Молчал Альяш еще целый месяц.
Старик наложил на себя наказание — четыре недели, отмаливая тяжкий грех, перед образами читал «скитское покаяние»:
— «Согрешил я, господи, душою, и телом, и умом во помрачении бесовском, в делах нечистых…»
Тэкля в это время ходила мимо на цыпочках, не смея дышать.
МОЩНОЕ ЭХО ГРИБОВЩИНСКОГО УБИЙСТВА
По селам пошла гулять легенда о том, что попы, архиереи и прочие враги «нового учения» решили сжить пророка со света.
Легенда вскоре долетела и до моей деревеньки.
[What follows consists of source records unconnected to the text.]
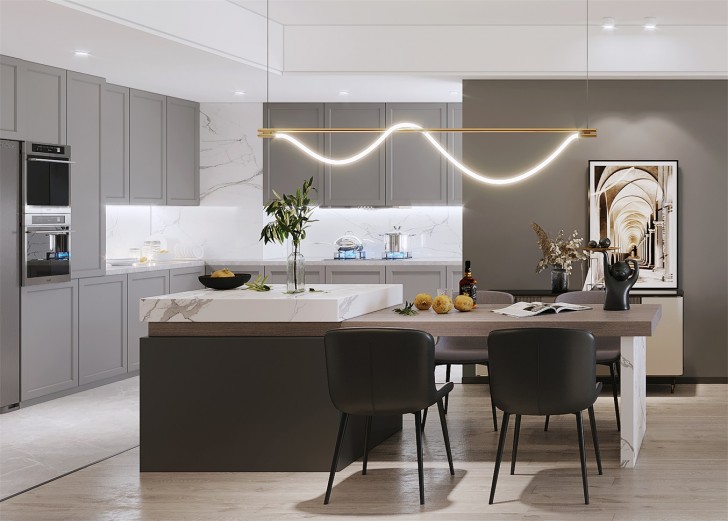永宏万家里160㎡现代轻奢风格装修案例效果图-餐厅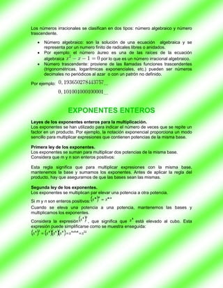 Este documento contiene información sobre números irracionales, exponentes enteros, notación exponencial y modelos algebraicos elementales. En resumen: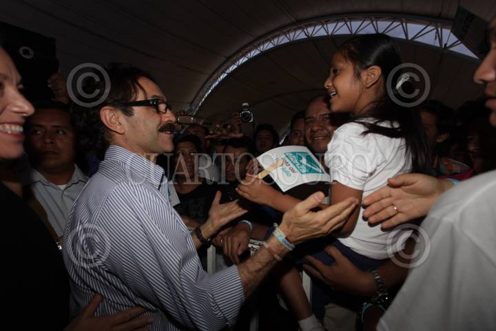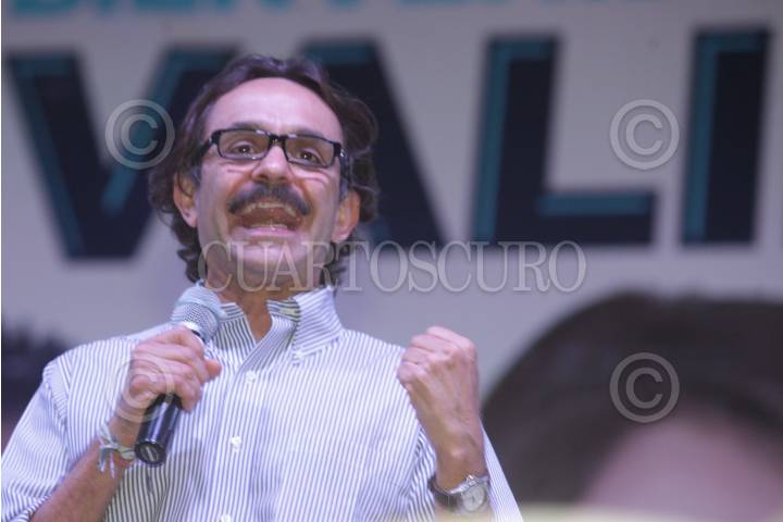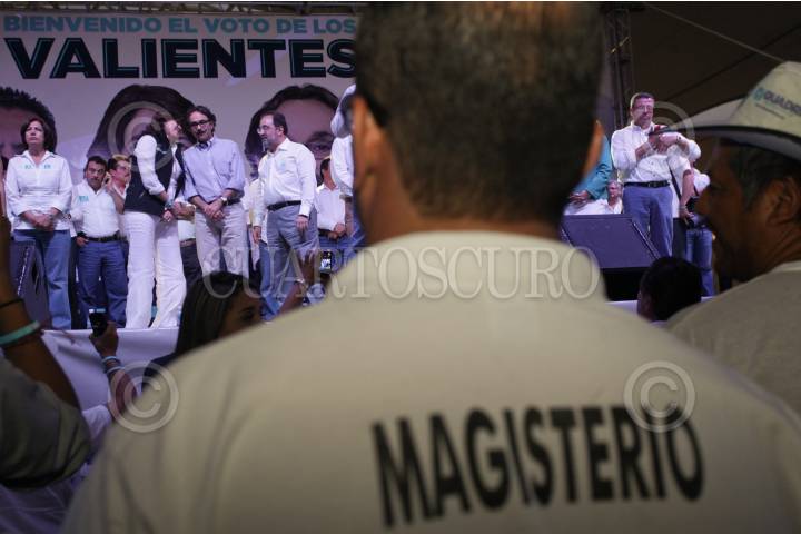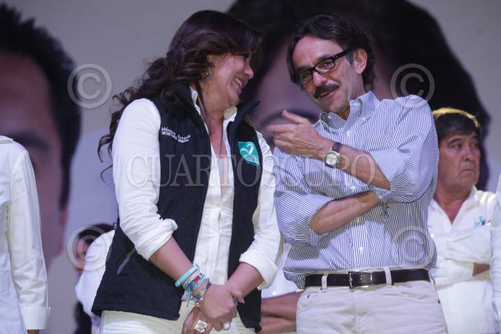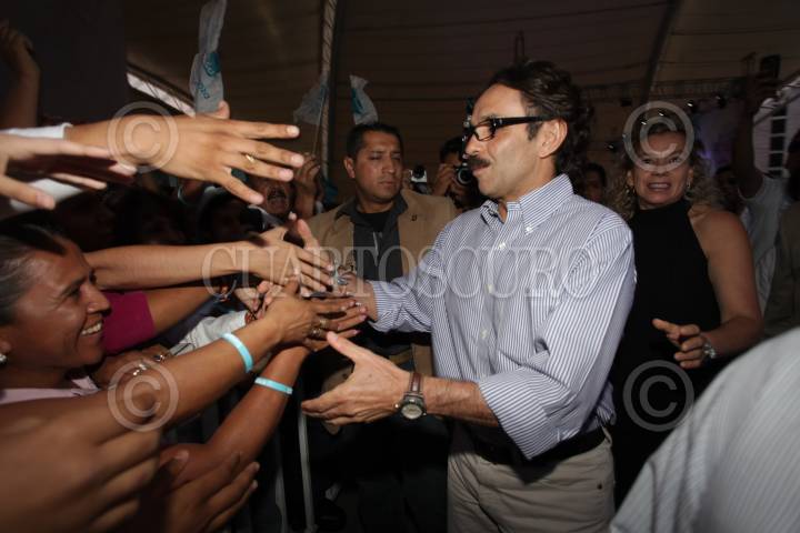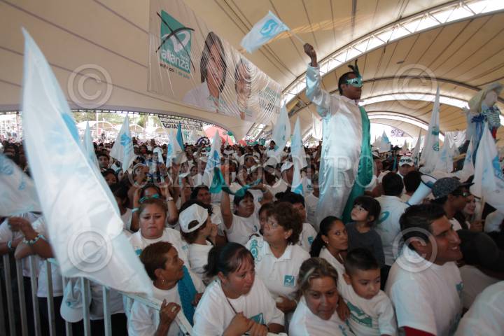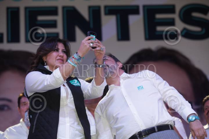 AGUASCALIENTES, AGUASCALIENTES 27 DE JUNIO2012.- Gabriel Quadri De La Torre, candidato presidencial de Nueva Alianza, cerró su campaña en la explanada de la Plaza Patria de esta ciudad. Fue acompañado por el presidente de su partido Luis castro Obregón, la hija de Elba Esther Gordillo y secretaria General, Mónica Arreola Gordillo, su esposa Thelma Lazcano, sus hijos Luciano, Paulo y Andrés. FOTO: JUAN PABLO ZAMORA /CUARTOSCURO.COM

— Подумать только, до чего дошли Альяшовы враги! — возмущенно говорили наши тетки. — Так все подстроить!.. Выкопали какого-то покойника из могилы в Острове, раздели его донага и подкинули Илье под самый порог! Выходит он рано утром — человек лежит мертвый…
— Такую брехню выдумали на святого человека, где это видано?! Он в порыве любви к нам, грешным, день и ночь молится, чуда творит, на горбу своем доски и кирпичи для святых строек таскал, а мерзавцы-завистники так подстроили! Еще и череп покойнику раздробили, а полено подбросили!
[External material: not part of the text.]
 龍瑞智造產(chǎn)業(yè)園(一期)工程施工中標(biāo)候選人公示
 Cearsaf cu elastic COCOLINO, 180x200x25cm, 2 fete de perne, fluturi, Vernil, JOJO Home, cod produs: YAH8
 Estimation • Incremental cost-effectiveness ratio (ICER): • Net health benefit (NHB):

— Солтыс курицу зарезал и побрызгал на полено кровью, потому что зол на Альяша за то, что денег ему не дает!
— И свидетелей, смотри ты, нашли!
— Архиереи и паны хорошо заплатили! Они же денег не считают! А люди есть такие, что и на родного отца набрешут, лишь бы им заплатили!
— Набрехали, как на Христа перед Голгофой! Но не допусти-ил господь до беды, не-ет!
И, округлив глаза, задыхаясь от возбуждения, перебивая друг дружку, бабки рассказывали, как привезли кринковские полицианты закованного в железные кандалы пророка в Соколку, как бросили его в темницу, как засветился он вдруг неземным сиянием.
— Альяш сказал: «Да воскреснет бог и расточатся врази его!..» Разорвал свои кандалы и прошел сквозь железные решетки и каменные стены, как сквозь паутинку! — захлебываясь, рассказывала тетка Кириллиха.
— А полицианты, что его охраняли, увидели чудо и ослепли, — вторила Клемусова невестка. — И теперь самые лучшие доктора не могут их спасти!
— Против силы небесной не попрешь! — авторитетно заявил ее муж Степан.
Переезжая из села на хутор, сын Клемуса вынужден был продать хату и вырыл землянку.
«Ничего! Соберемся с силами — не такой дом отгрохаем!» — утешал он своих.
Годы шли. Рождались, росли, болели, умирали и снова рождались дети, а судьба не улыбалась Степану. Зимой и летом семья ютилась в сырой и темной яме, где даже мухи не водились, и жизнь ее обитателей держалась только на оптимизме и стойкости хозяев.
Мне очень неприятно, что моя книга выходит такой мрачной. С большим удовольствием я бы писал иную, — изображать людей довольных и удачливых легче, чем людей печальной судьбы (позавидуешь древним грекам: что ни скульптура, то улыбка!).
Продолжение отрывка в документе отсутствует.